Tuesday, 6 October 2015

High-level panel suggests uniform tax treatment for CSR activities

The panel has also said the government should have no role in monitoring of CSR expenditure by corporates and this should be the job of their respective boards
A government-appointed high-level panel has recommended uniform tax treatment for all corporate social responsibility (CSR) activities carried out under the new Companies Act and has also suggested leniency towards non-compliant firms in the first 2-3 years of this law. The panel has also said the government should have no role in monitoring of CSR expenditure by corporates and this should be the job of their respective boards.
Under the new companies law, certain class of profitable entities are required to shell out at least 2% of their three-year annual average net profit towards CSR activities. The first year of implementation was last financial year (April 2014-March 2015) and compliance reports would be available by the end of this year. According to the committee, differential tax treatment for expenditure on various CSR activities may create unforeseen distortion in allocation of funds across development sectors.
“The (company) board’s decision could be guided more by tax savings implications rather than compelling community social needs. The committee therefore feels that there should be uniformity in tax treatment for CSR expenditure across all eligible activities,” the report said.
At present, certain activities such as contribution to the Prime Minister’s National Relief Fund qualify for tax exemption. The panel, chaired by former home secretary Anil Baijal, was set up by the corporate affairs ministry to suggest steps for improved monitoring of CSR spending. According to the panel, leniency may be shown to non-compliant entities in “initial two/three years to enable them to graduate to a culture of compliance” since these years would be a period of learning for all the stakeholders. This liberal view can be taken at least for smaller companies, it added. “The government should have no role to play in engaging external experts for monitoring the quality and efficacy of CSR expenditure of companies,” the panel said in its report submitted to the ministry. The boards/CSR committees and the management are sufficiently empowered to engage any external firm, if they so require, it added. As per the report, the boards and the CSR committees should be monitoring their companies’ social welfare spending. “The existing legal provisions like mandatory disclosures, accountability of the CSR committee and the board, provisions for audit of the accounts of the company etc, provide sufficient safeguards in this regard,” it added.
The panel said that keeping in view the intent of the of the law, the main thrust and spirit of the law is not to monitor but to generate conducive environment for enabling corporates to conduct themselves in a socially responsible manner. “The rationale behind CSR legislation is not to generate financial resources for social and human development since the resource gap, if any, for such development or social infrastructure, could as well have been met by levying additional taxes/cess on these corporates,” the report noted.

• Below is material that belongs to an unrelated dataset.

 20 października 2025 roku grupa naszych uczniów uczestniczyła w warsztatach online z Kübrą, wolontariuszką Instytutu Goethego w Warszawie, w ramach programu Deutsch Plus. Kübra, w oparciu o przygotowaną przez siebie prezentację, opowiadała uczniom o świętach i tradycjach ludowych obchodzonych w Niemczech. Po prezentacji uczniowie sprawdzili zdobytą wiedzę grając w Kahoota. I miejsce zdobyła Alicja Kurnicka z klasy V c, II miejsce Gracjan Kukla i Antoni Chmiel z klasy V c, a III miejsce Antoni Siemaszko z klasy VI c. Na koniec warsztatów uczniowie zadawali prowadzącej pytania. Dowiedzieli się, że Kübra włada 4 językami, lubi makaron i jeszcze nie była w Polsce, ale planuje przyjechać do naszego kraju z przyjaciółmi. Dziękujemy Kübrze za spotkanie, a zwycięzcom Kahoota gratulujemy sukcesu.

CSR norms came into effect from 1 April 2014. Entities having at least Rs.5 crore net profit or Rs.1,000 crore turnover or Rs.500 crore net worth would come under its ambit. Further, the committee has suggested allowing private companies to carry forward their unspent CSR funds provided there is a sunset clause of five years for spending the money. “The ceiling on administrative overhead costs should be increased from the present 5% to not more than 10% of the CSR expenditure of the company,” the panel said while adding that department of public enterprises is of the view that existing limit is sufficient. Administrative overhead expenditure of the company on CSR should not include expenses incurred on capacity building of the implementing agencies, the report said. The panel has decided against recommending monetisation of the services of corporate employees to be made part of CSR expenditure as that would “create rather than solve problems”.

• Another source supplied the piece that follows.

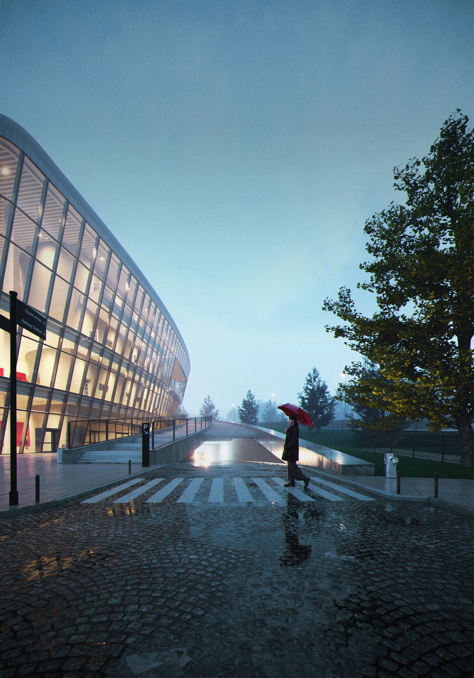 Конгресс центр в Кракове. Некоммерческая работа. Модель была сделана по панорамам в 2019-м году, в 2024-м дошли руки сделать рендер. К концу 2025-го решил поделиться в галерее.

According to the panel, government cannot and should not maintain a data bank of CSR implementing agencies and that responsibility should be left to the concerned company’s board or CSR committee. Another suggestion is that CSR norms should not be applicable to not-for-profit (Section 8) companies apart from the need for having more clarity on the applicability of these norms on foreign entities. In addition, the panel has said there has to be clarity on the definition of “net profit” with respect to CSR spending. Noting that existing provisions based on the general principles of “comply or explain” are sufficient for the time being, the committee said there should be two models of implementation strategies based on CSR expenditure threshold of Rs.5 crore.
Observing that Schedule VII of the Companies Act has been amended thrice since its notification in February 2014, the panel has suggested “inclusion of an omnibus clause simply because certain development concerns, needs and priorities cannot be anticipated”. Schedule VII pertains to eligible CSR activities. The panel has pitched for a level-playing field for all companies, including central public sector entities, on CSR norms. There is no need for additional mechanism to monitor their CSR implementation, it added.